Collected data:
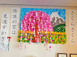 春らしく穏やかな気候に心和む季節になってきました。今月は、少しでも春の季節を感じていただく様壁画作りを行いました。
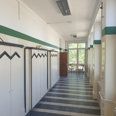 Im Rahmen der Maßnahme wurden das Kellergeschoss, das Erdgeschoss sowie die Räume im ersten und zweiten Obergeschoss frisch gestrichen, ebenso die Wandflächen des Haupt- und Nebentreppenhauses. Zunächst erhielten die Wände eine neue Spachtelung, anschließend wurden zur Überbrückung von Rissen Glasfasergewebe sowie Kantenschutzprofile eingebaut. Die Innenräume wurden in den bisherigen Farb- und Gestaltungsrichtungen erneuert, sodass der ursprüngliche Charakter der Schule gewahrt bleibt.
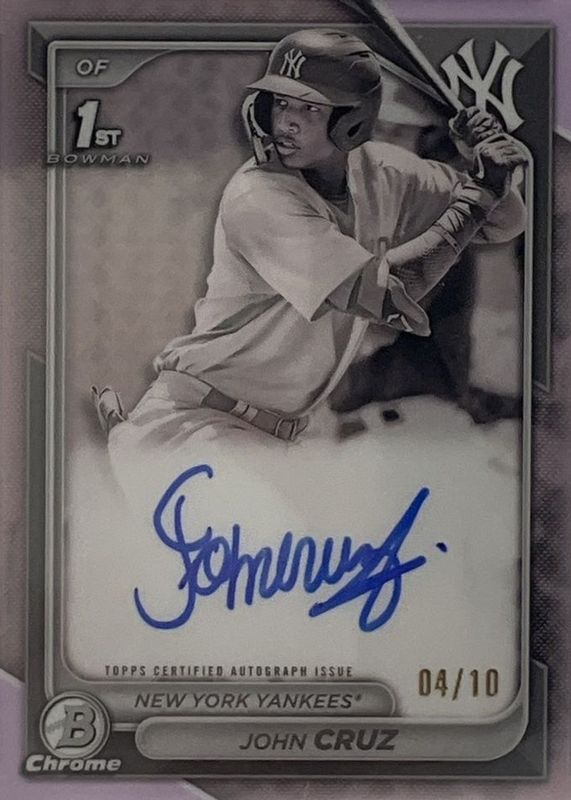 Auctions Ending Soon for John Cruz 2024 Bowman #CPA-JCZ Chrome Prospect Auto - Pearl Refractor /10 (1st) RAW
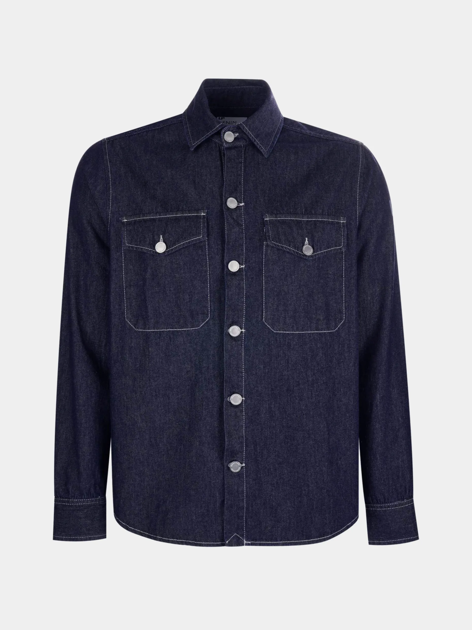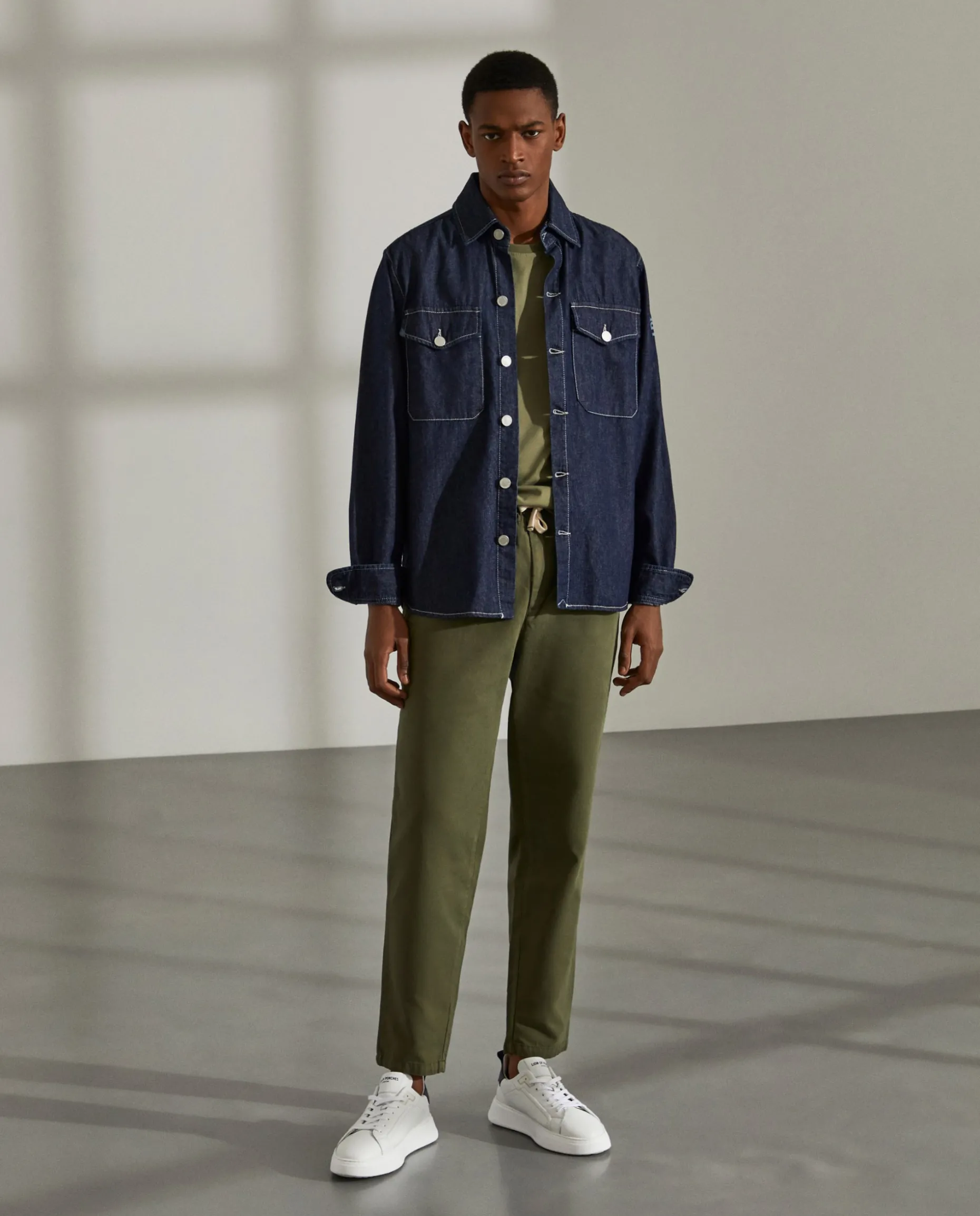 Sobrecamisa de denim. Regular Fit. Aperta com botões personalizados. Emblema estampado na manga esquerda. Dois bolsos no peito de chapa e com pala com botões. Estampado interior “Lion Of Porches”.
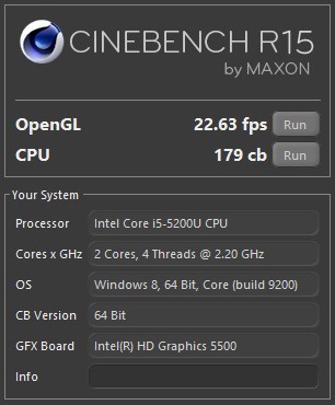 — Cinebench R15 (OpenGL): 22.63 fps
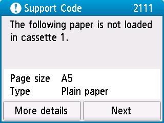 Якщо параметри паперу, зазначені під час друку, відрізняються від відомостей про папір у касеті 1, зареєстрованих на принтері, на сенсорному екрані принтера відобразиться наведене нижче повідомлення.
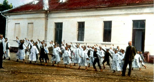 Kárpátalján készítette J. Novotny 1919 és 1925 között azt a fotót, mely mezítlábas, buggyos gatyában tornázó gyerekeket mutat be.
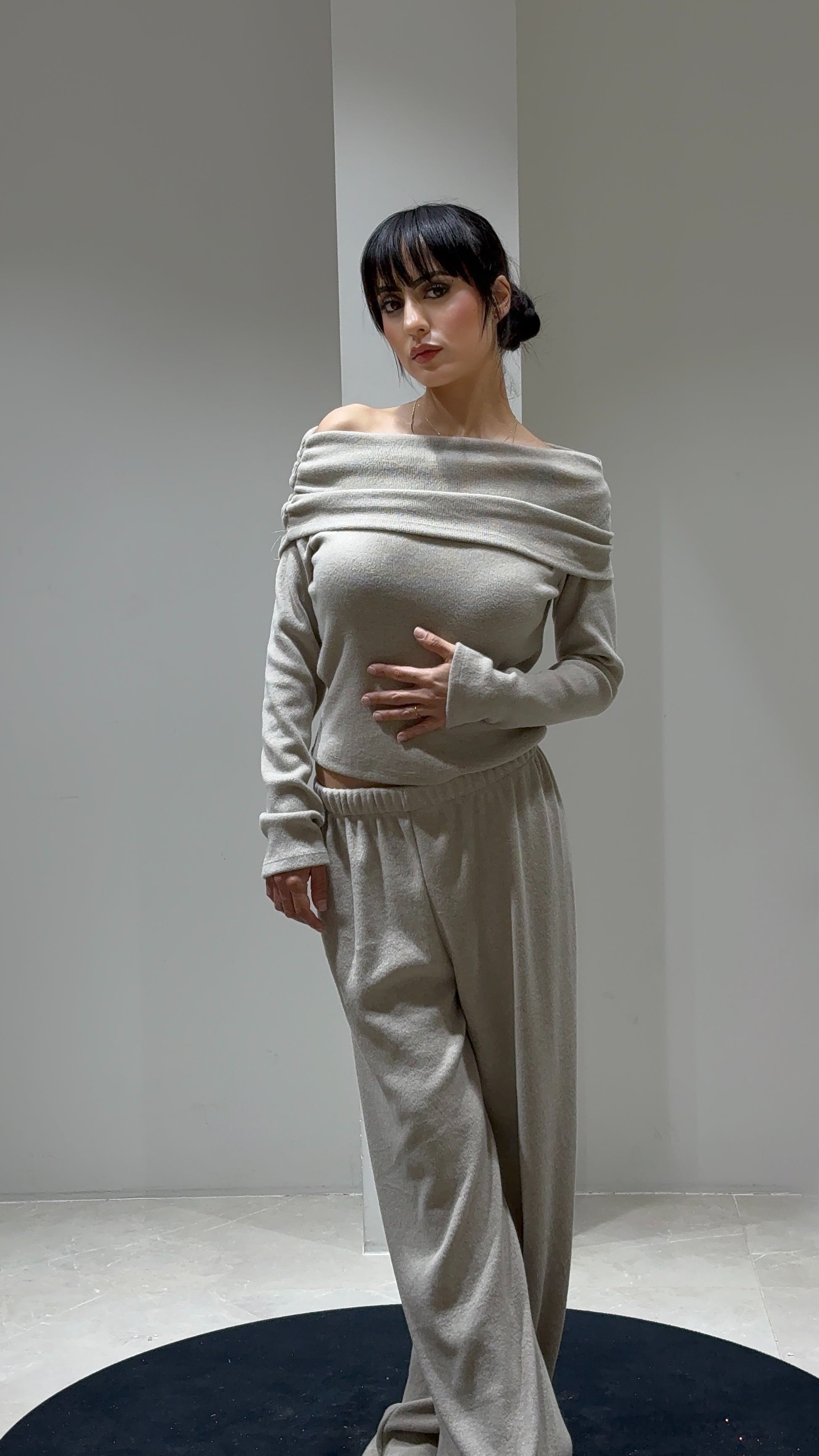 Cet ensemble pantalon et haut droit allie confort et élégance naturelle. Confectionné dans une matière douce et extensible, il est très agréable à porter, idéal pour la mi-saison ou l’hiver. Le haut droit légèrement tombant sur les épaules apporte une touche chic et décontractée, tandis que le pantalon à coupe fluide allonge la silhouette. Parfait pour un look élégant tout en confort.

** Work to be completed **
Leave out the pictures and give the rest of the records again exactly.

** The completed task **
 春らしく穏やかな気候に心和む季節になってきました。今月は、少しでも春の季節を感じていただく様壁画作りを行いました。
 Im Rahmen der Maßnahme wurden das Kellergeschoss, das Erdgeschoss sowie die Räume im ersten und zweiten Obergeschoss frisch gestrichen, ebenso die Wandflächen des Haupt- und Nebentreppenhauses. Zunächst erhielten die Wände eine neue Spachtelung, anschließend wurden zur Überbrückung von Rissen Glasfasergewebe sowie Kantenschutzprofile eingebaut. Die Innenräume wurden in den bisherigen Farb- und Gestaltungsrichtungen erneuert, sodass der ursprüngliche Charakter der Schule gewahrt bleibt.
 Auctions Ending Soon for John Cruz 2024 Bowman #CPA-JCZ Chrome Prospect Auto - Pearl Refractor /10 (1st) RAW
 Sobrecamisa de denim. Regular Fit. Aperta com botões personalizados. Emblema estampado na manga esquerda. Dois bolsos no peito de chapa e com pala com botões. Estampado interior “Lion Of Porches”.
 — Cinebench R15 (OpenGL): 22.63 fps
 Якщо параметри паперу, зазначені під час друку, відрізняються від відомостей про папір у касеті 1, зареєстрованих на принтері, на сенсорному екрані принтера відобразиться наведене нижче повідомлення.
 Kárpátalján készítette J. Novotny 1919 és 1925 között azt a fotót, mely mezítlábas, buggyos gatyában tornázó gyerekeket mutat be.
 Cet ensemble pantalon et haut droit allie confort et élégance naturelle. Confectionné dans une matière douce et extensible, il est très agréable à porter, idéal pour la mi-saison ou l’hiver. Le haut droit légèrement tombant sur les épaules apporte une touche chic et décontractée, tandis que le pantalon à coupe fluide allonge la silhouette. Parfait pour un look élégant tout en confort.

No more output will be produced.